How Putin learned to stop worrying and love internet espionage

The World
Russian President Vladimir Putin uses a pair of binoculars as he watches a display during the MAKS 2017 air show in Zhukovsky, outside Moscow.

Vladimir Putin came late to the cyber arena.

Up until a few years ago, the Russian leader seemed to all but ignore the internet and spoke out loudly against it. He called the web a "CIA project," with interests that opposed Russia.

Author Richard Lourie says that's basically because Putin is "a television guy."

"Television was the main way he got his news and the main way Russians got their news," says Lourie, who explores the Russian president's conversion to online espionage in his new book "Putin: His Downfall and Russia's Coming Crash."

Lourie notes that about 80 percent of Russians follow official TV news sources, about the same percentage that, according to some estimates, support the Russian leader.

"It's worked perfectly well for him," Lourie says. "Plus, his general mindset and sensibility would incline him to television as opposed to the internet because [TV] was solid, it was real, it was predictable, it was controllable, it was right there, it was physical and tangible. The internet was vague, it's decentralized, anyone could get anything, any time, any place. To some degree, [the internet] is a totalitarian nightmare. It's by its very nature democratic, tending even towards the anarchic." 

Today, Putin's government seems to be wildly successful at exploiting the web, and using it to discredit opponents. For example, Russians seem to have a special expertise at bringing the internet to bear on what they call kompromat — compromising material — a thing that has a rich tradition in Russia politics. 

Still, the ease with which former CIA employee Edward Snowden leaked reams of classified documents demonstrated to Putin just how dangerous the internet could be for any leader. And Lourie says, ultimately, the internet's power and reach will leave Putin and his associates vulnerable.

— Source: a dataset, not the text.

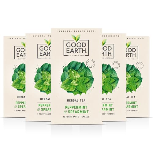 Good Earth Tea Co. Peppermint & Spearmint Tea Bags – Naturally Caffeine-Free Detox Tea with Bold Minty Flavour - 5 x 15 Biodegradable Herbal Tea Bags

"They're terrified of the Russian equivalent of an Edward Snowden appearing," Lourie says. "Younger people are increasingly getting their news and their views from the internet, not from newspapers or television. The Russian internet is still free enough that you can get news and information and ideas through it, without tremendous effort. So, ultimately the hope of Russia is the coming generations who have had no Soviet experience and are increasingly a product of the web."